### [The task]
Line for line, return the data exactly, omitting all pictures.

### [Exercise data]
>>>

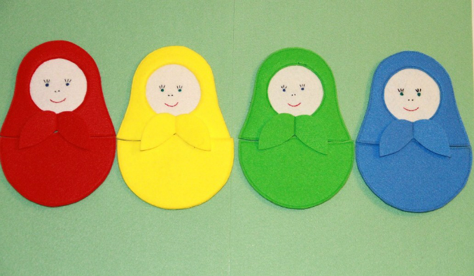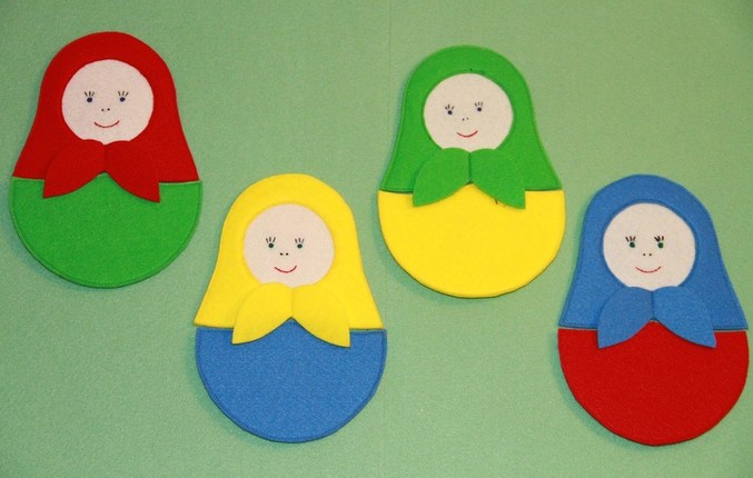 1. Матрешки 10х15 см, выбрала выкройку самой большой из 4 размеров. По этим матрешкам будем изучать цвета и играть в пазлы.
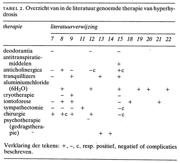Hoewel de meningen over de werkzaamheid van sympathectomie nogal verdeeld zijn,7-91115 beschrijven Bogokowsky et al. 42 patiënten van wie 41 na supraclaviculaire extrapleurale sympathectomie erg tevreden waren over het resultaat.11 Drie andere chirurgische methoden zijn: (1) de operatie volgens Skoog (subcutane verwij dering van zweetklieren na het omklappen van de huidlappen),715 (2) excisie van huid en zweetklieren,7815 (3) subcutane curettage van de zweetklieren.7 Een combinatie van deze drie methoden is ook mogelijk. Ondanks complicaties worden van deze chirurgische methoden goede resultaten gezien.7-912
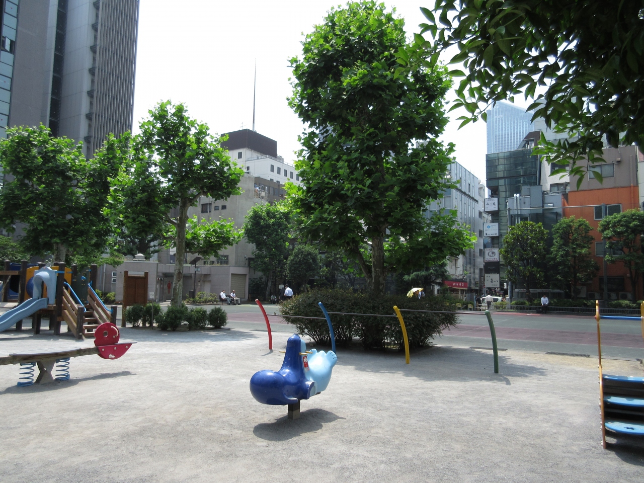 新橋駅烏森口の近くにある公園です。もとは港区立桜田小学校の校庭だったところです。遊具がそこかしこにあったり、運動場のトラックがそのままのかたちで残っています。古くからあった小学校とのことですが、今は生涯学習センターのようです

<<<

### [Reply]
 1. Матрешки 10х15 см, выбрала выкройку самой большой из 4 размеров. По этим матрешкам будем изучать цвета и играть в пазлы.
Hoewel de meningen over de werkzaamheid van sympathectomie nogal verdeeld zijn,7-91115 beschrijven Bogokowsky et al. 42 patiënten van wie 41 na supraclaviculaire extrapleurale sympathectomie erg tevreden waren over het resultaat.11 Drie andere chirurgische methoden zijn: (1) de operatie volgens Skoog (subcutane verwij dering van zweetklieren na het omklappen van de huidlappen),715 (2) excisie van huid en zweetklieren,7815 (3) subcutane curettage van de zweetklieren.7 Een combinatie van deze drie methoden is ook mogelijk. Ondanks complicaties worden van deze chirurgische methoden goede resultaten gezien.7-912
 新橋駅烏森口の近くにある公園です。もとは港区立桜田小学校の校庭だったところです。遊具がそこかしこにあったり、運動場のトラックがそのままのかたちで残っています。古くからあった小学校とのことですが、今は生涯学習センターのようです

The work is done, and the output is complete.